In all honesty other serviced management companies (especially local ones) will not come close....especially if you are a long term investor (as you will only see the property deteriorate over time).
I think I had better stop here, most people would think I actually work for Ascott!
Have you been to the site? I visited last weekend and saw the piling done, foundation all ready. Just waiting for it to ascend upwards which should not take more than 2 years for a low rise. If this development was in Singapore I would have expected much quicker.
Traders is already 65% done, topping up in a couple of months at best guesstimates.
Being down couple of times....1st went down to puteria harbour for 'site inspection' in late dec & also during the CNY week...& yes, its the same as what u see last weekend (only piling done)...but was told by the agent in Jan that they will begin to work aggressively 'real soon after the launch'
well my take...end 2014 commit is more of their sandbagging just in case some unforeseen screwup happen...i believe the project will be be ready before that as it it to their advantage for early completion...& legally, they cannot end later than end 2014 else they will need to compensate buyers (yet to sign the legal doc but believe this should be the case)
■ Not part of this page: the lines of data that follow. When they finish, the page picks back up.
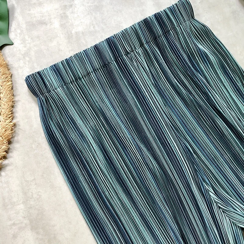 Брюки женские в полоску с широкими штанинами, зеленые свободные эластичные длинные штаны в Корейском стиле, для отпуска, на лето
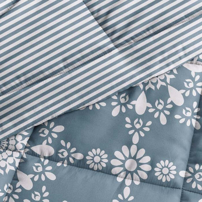 Transform your bedroom into a haven of comfort and style with the King Size 3-Piece Blue Reversible Striped Comforter Set from FastFurnishings, a brand trusted for its durable and innovative home essentials. This versatile set features a reversible design, allowing you to effortlessly switch between a sophisticated striped pattern and a vibrant floral medallion for a fresh look that complements any decor.
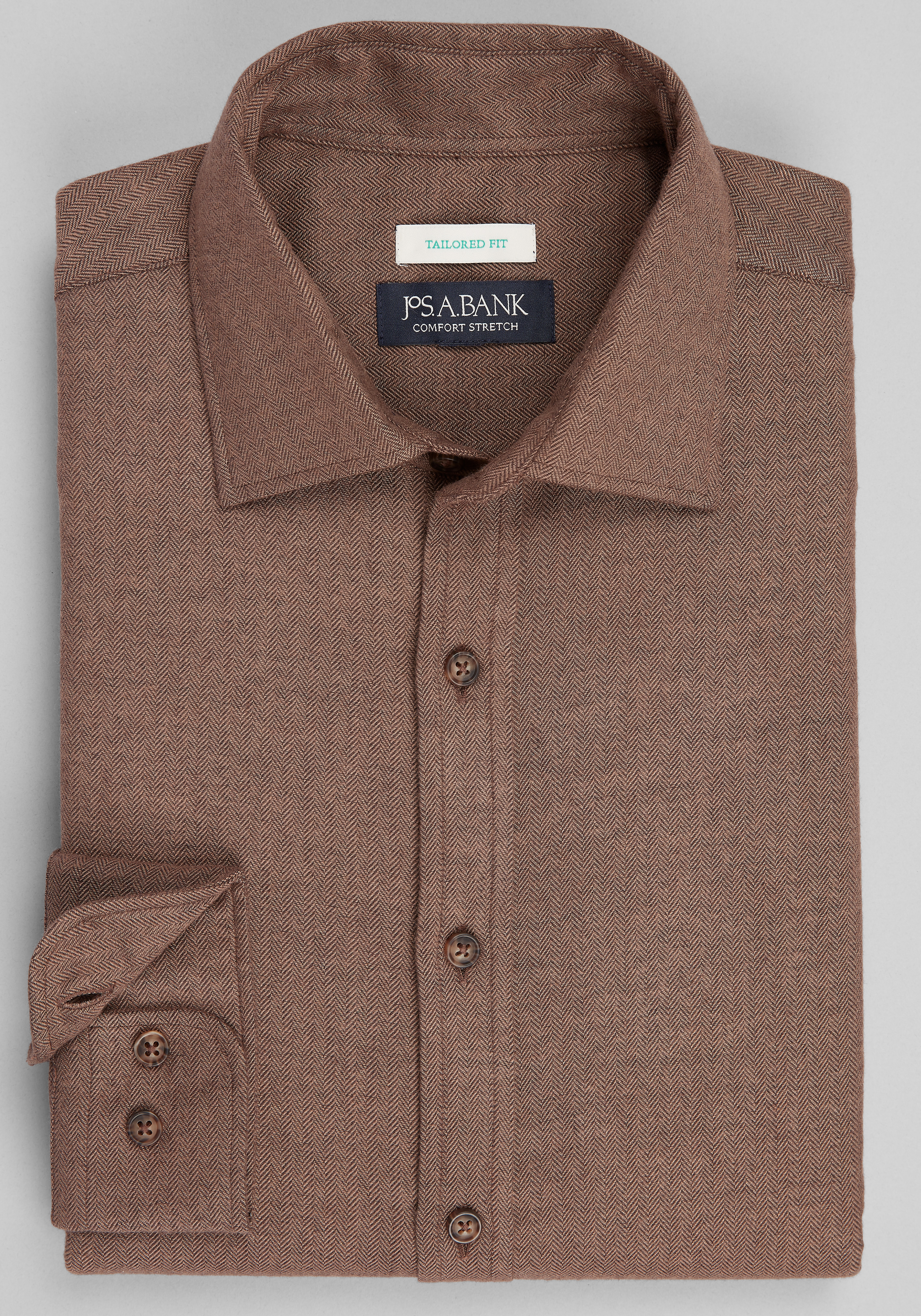 Jos. A Bank Tailored Fit Herringbone Spread Collar Flannel SportshirtJos. A Bank Tailored Fit Herringbone Spread Collar Flannel Sportshirt

Similarly, heard that the north wing units (facing kota) instead of releasing to the agent is held back by the developer (similarly to all the harbor facing units) ... the rumor is that ONE single party is buying all the north wing units up.
what's the story of somerset seri bukit ceylon? can elaborate?
I read somewhere that when somerset signed the contract to manage those svc apts, they also bought half of those units. Can't seem to find the weblink again, but will let you once I locate it.
But in essence, it was a good show of vested interest on the part of somerset, i.e. they will manage it well as they also owe half of the units.
So when I heard the sph rumor, I'm silently hoping it is somerset who is buying them.